Fos-luciferase reporter assay. (A) Luciferase activity corresponds to transforming activity in cells transfected with Neu TM-shift mutants. The fold induction relative to mock transfected cells is set at 1. The positive control NeuNT exhibited a 5.4-fold induction. (B) Neu immunoblot of cell lysates demonstrates equivalent expression of the receptor in each sample.
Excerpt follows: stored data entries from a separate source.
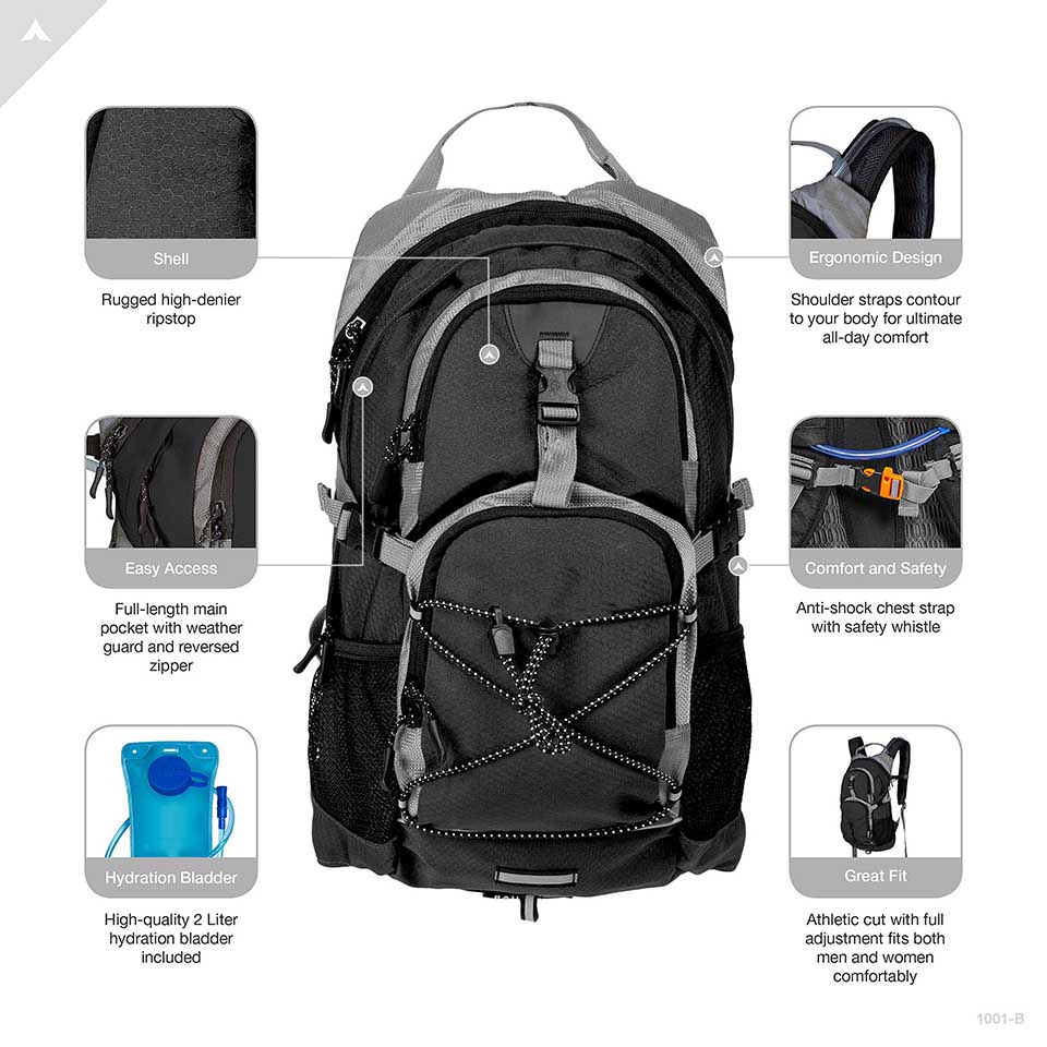 * FREE HYDRATION BLADDER: 2-Liter; Durable, kink-free sip tube and push-lock cushioned bite valve; Large 2-inch (5 cm) opening for ice and easy cleaning * CUSTOMIZABLE COMFORT: Backpack for men, women, and youth; Adjusts to fit all frames comfortably; Notched foam stabilizer and mesh covering means you can wear this pack for hours * TRUSTED QUALITY: Over 1,000 verified 5-star reviews testifying to the quality and design; Large main pocket protects gear, clothes, and lunch; Bungee cord system for cycling and climbing helmets |
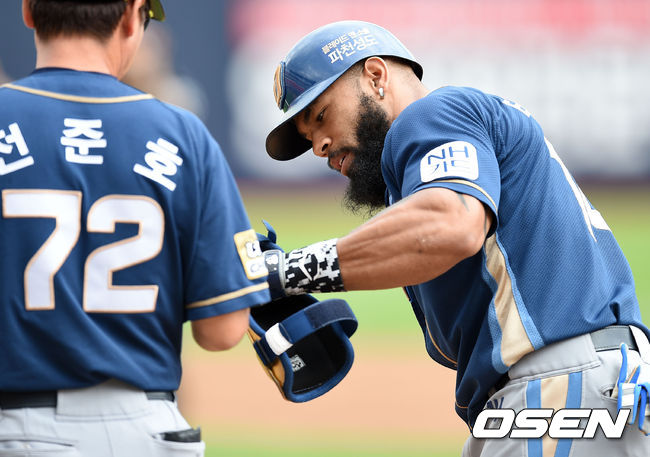 3회초 1사 만루에서 NC 테임즈가 우전 적시타를 치고 전준호 코치와 하이파이브를 하고 있다.
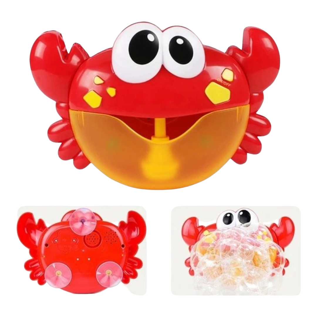 Entretenido juguete de baño cangrejo musical.maquina de hacer burbuja,trae chupones para adaptar a la bañera,cerámica del baño o a piscina.Funciona con con 2 pilas doble AA.
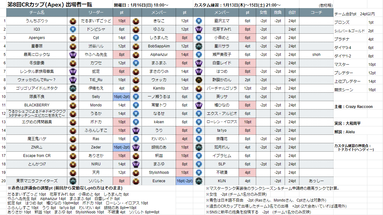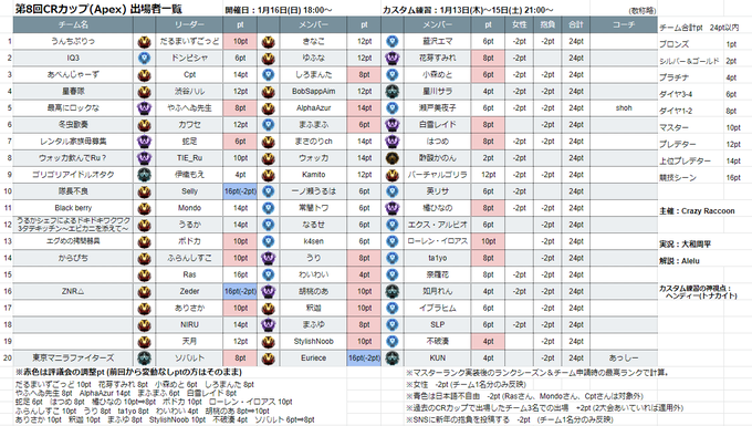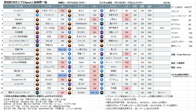 ■第8回CRカップのメンバー表を更新しました。
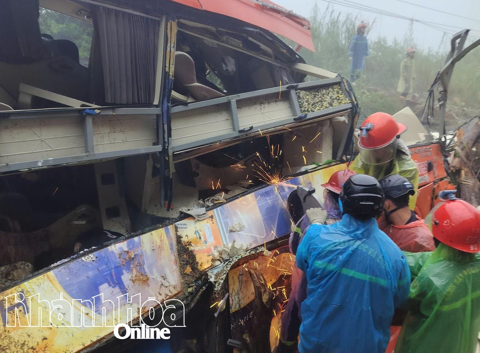 Sau khi nhận tin, Phòng Cảnh sát Phòng cháy chữa cháy và cứu nạn, cứu hộ Công an tỉnh Khánh Hòa đã xuất 1 xe chỉ huy, 1 xe cứu nạn, cứu hộ cùng các cán bộ, chiến sĩ, đồng thời thông báo cho lực lượng cảnh sát giao thông, Trung tâm Cấp cứu 115 đến hiện trường tham gia cứu nạn, cứu hộ. Thời điểm xảy ra tai nạn trời mưa to, sạt lở 2 đầu tại Km43 và Km47 nên việc tiếp cận hiện trường gặp khó khăn. Phải đến 00 giờ 05 phút rạng sáng nay, các lực lượng mới tiếp cận được hiện trường vụ tai nạn.
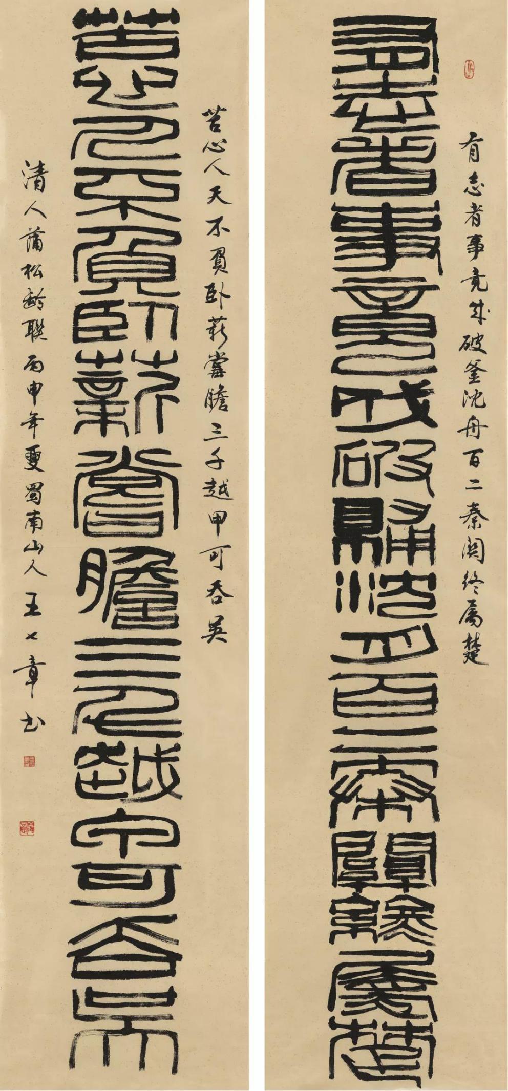 观展现场 本次展览精选王七章五十多年从艺生涯佳作两百余幅,内容涵盖书法、国画、篆刻,从七十年代的早期到九十年代的中期再至今日的后期,从初涉艺海的手稿到赏心悦目的佳作,全方位展示了王七章的艺术历程。 回顾这位政艺参半的使者半个世纪以来的艺术研习,王七章先生历任高县副县长,江安县委副书记、县 长;宜宾市委常委、秘书长,宜宾市书协副主席;内江市委副书记,内江市书协名誉主席,张大千纪念馆名誉馆长、终身艺术顾问;四川省政府副秘书长(其间两年多兼任四川驻京办主任、党组书记);四川省书法家协会第五、六届副主席,北京大学中国传统艺术文化研究所研究员、中国爱国拥军书画研究院院务委员、四川自强书画院名誉院长、北京巴蜀书画艺术院院长等职务。在繁重的政务之余,用书画艺术陶冶情操,并充分利用行政资源优势,不断弘扬祖国传统文化艺术,所工作过的地方都留下了他普及书画艺术和传统文化的足迹。也可谓,七章先生以“不忘初心、牢记使命”的乐观主义情怀,用自己的笔墨书写和描绘了勤政爱艺的人生画卷。这幅画卷充分展现了一个党的领导干部,在兢兢业业为党和人民工作的同时,在业余时间里,在追求什么,在坚守什么的人生价值观。这幅画卷,也从不同的方面见证了四川的发展和变化,见证了新中国现代化建设的辉煌历程!望即展望。展望这位诗书画印的艺术追随者承继六十余载人生感悟仍将笔耕不缀再创佳作,以身作则弘扬传统文化,孜孜不倦传承书画艺术。 部分作品欣赏 《有志苦心》联
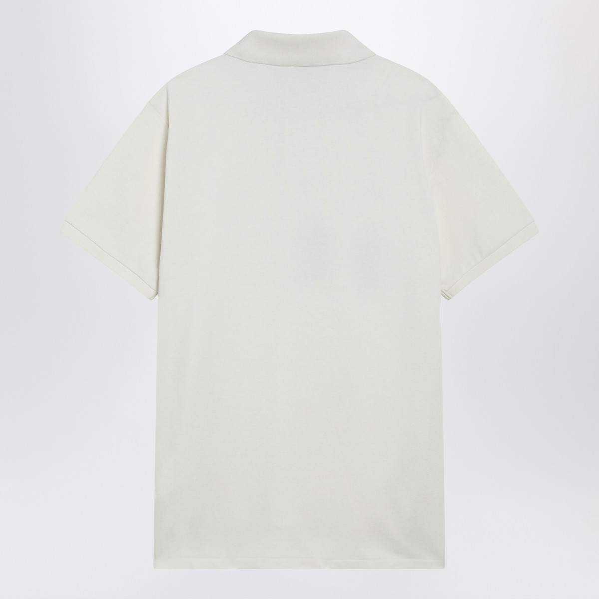 Polo Ralph Lauren cream-colored cotton polo shirt, featuring embroidered logo on the chest, front button placket, side slits, and short sleeves.

The arrow indicates the mobility of receptor monomers.

Figure 5

Restoration of activity to the inactive −2 ΔEC-shift mutant by insertion of additional Val residues in the add-back series. (A) The sequence of each transmembrane domain in this series of mutants is presented. (B) Transforming activity presented as the number of foci/10-cm plate/2.5 μg of DNA. Six plates from three independent experiments were counted. The SE of the mean is shown. The mock and positive NeuNT controls are described in MATERIALS AND METHODS.

Figure 6

(A) Transformation assay of PDGFR-β constructs containing the TM-shift domains. Transforming activity is presented as the number of foci/10-cm plate/1.25 μg of DNA. Four plates were counted for each mutant and the SE of the mean is shown. The negative and positive controls, PDGFR-β/neu and PDGFR-β/neu*, respectively, are described in MATERIALS AND METHODS. (B) Partial summary of RTK families is presented, indicating the transmembrane (TM) and juxtamembrane domains (JM). Separation between the transmembrane domain and the kinase domain varies from ∼35 to 75 residues, depending upon the specific RTK.

Figure 7

Model showing the role of rotational positioning in RTK activation. Moving the dimerization motif across the transmembrane domain rotates the Neu kinase domain monomers in the dimeric complex, leading to periodic activation of the kinase domains.